In step S40, the multilayer thermoplastic-continuous fiber joint It has a zigzag shape due to the folding of the contact faces between the plastics of a plurality of tape shapes. However, in terms of results, the amplitude is the same as or similar to the amplitude of a plastic tape.

In step S50, the crimping is carried out under the conditions of 120 ° C to 280 ° C. That is, when the crimping temperature is less than 120 ° C, the folded state of the multilayer thermoplastic-continuous fiber joined body cannot be maintained, and it may be re-expanded; when it is more than 280 ° C, the mixed compound may be lost due to excessive impregnation. The flexibility of the object.

The thermoplastic plastic-continuous fiber hybrid composite prepared by the steps S10 to S50 can be used as a continuous fiber using carbon fiber or glass fiber, and the composite material using thermoplastic plastic as a matrix material means melting of the plastic resin by thermocompression bonding. Continuous fiber reinforced plastic before impregnation.

Subsequently, please refer to FIG. 3 to FIG. 7 , which are a description of the mixing and winding method of the thermoplastic plastic-continuous fiber mixed composite prepared according to FIG. 1 , and the high-pressure container prepared by the mixed winding method. And its preparation method will be described.

3 is a view showing a winding device according to a preferred embodiment of the present invention; FIG. 4 is a flow chart showing a mixing and winding process of the thermoplastic plastic-continuous fiber mixed composite of the present invention; and FIG. 5 is a high pressure according to an embodiment of the present invention. Figure 6 is a cross-sectional view of the fifth embodiment of the first embodiment of the present invention taken along line I-I'; and Figure 7 is a fifth embodiment of the second embodiment of the present invention taken along line I-I' A cross-sectional view of the figure.

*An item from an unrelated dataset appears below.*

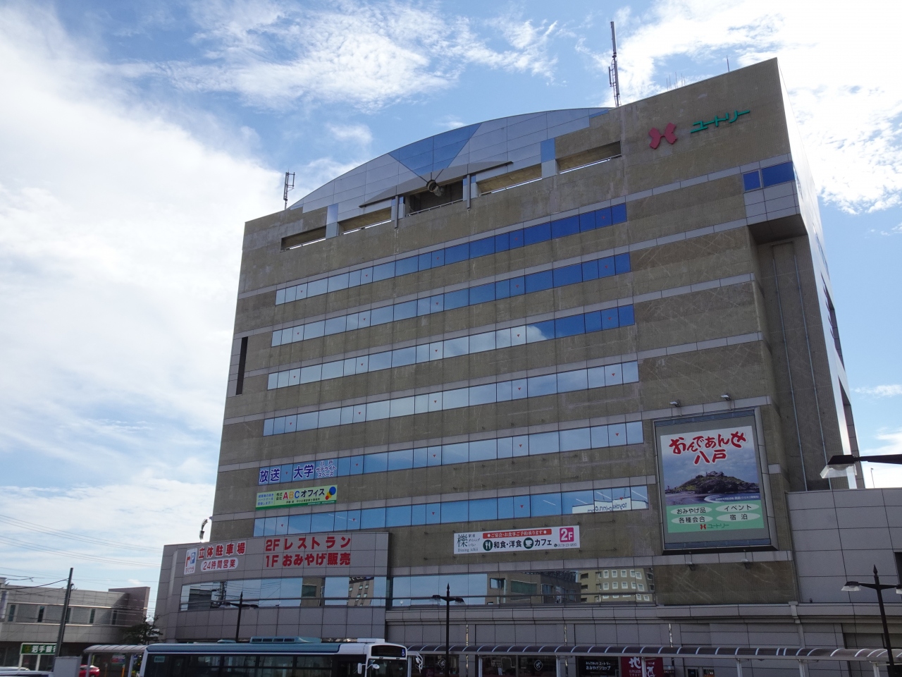 JR八戸駅の東口前にある複合ビル「ユートリー」。駅前では最も高層で目立ちます。

Referring to FIG. 3, the winding device includes: a fiber supply unit. A member 310, a winding head 320, and a mandrel 330.

Wherein, the fiber supply member 310 is generally supplied with a thermoplastic plastic-continuous fiber hybrid composite 305 containing glass fibers or carbon fibers, and comprises a thermoplastic plastic-continuous fiber hybrid composite wound around a plurality of bobbins 315 having a reel form. 305.

One of the thermoplastic plastic-continuous fiber hybrid composites 305 of the present invention may be a thermoplastic plastic-continuous carbon fiber hybrid composite 305a, and the other may be a thermoplastic plastic-continuous glass fiber hybrid composite 305b, the two mixed composites. 305a, 305b may be arranged adjacent to each other. Here, the thermoplastic plastic-continuous fiber hybrid composite 305 may be in a roving state, and when entangled, can be mixed (or mixed) with the carbon fiber-glass fiber mixture in the state of the two mixed composites 305a, 305b. The roving is supplied.

In the embodiment of the present invention, the mandrel 330 is used to wind the thermoplastic-continuous fiber-mixed composite 305 supplied from the fiber supply member 310 by rotational driving, and can be a basic frame of the molded article. The mandrel 330 is fixed to the bracket 340 and is rotatable at a predetermined speed in a state of being horizontally supported with the ground.

On the other hand, Fig. 3 shows a state in which a liner 510 is inserted in the mandrel 330. That is, when the liner 510 is the basic casing of the high-pressure vessel 500 (see Fig. 5) of the present invention, it can be inserted into the mandrel 330 and rotated at a predetermined speed. Wherein, the lining 510 can ensure the airtightness and corrosion resistance of the high pressure container 500, and the lining 510 is It is formed of a metal material such as steel or aluminum, and has a cylindrical shape having a housing space therein.

In an embodiment of the invention, the liner 510 has a shape corresponding to the shape of the desired container, preferably having substantially the same shape. However, as in the embodiment shown in Fig. 5, the liner 510 may be in the shape of a cylinder portion having a cylinder shape at the center portion and a dome portion having a dome shape at both side edges. At the central portion of the side end of the dome portion, a projecting end extending from the dome portion may be provided as a metal bobbin 515 for fastening the external auxiliary member. Unlike the attached illustration, the sleeve 515 can be formed only on one side edge.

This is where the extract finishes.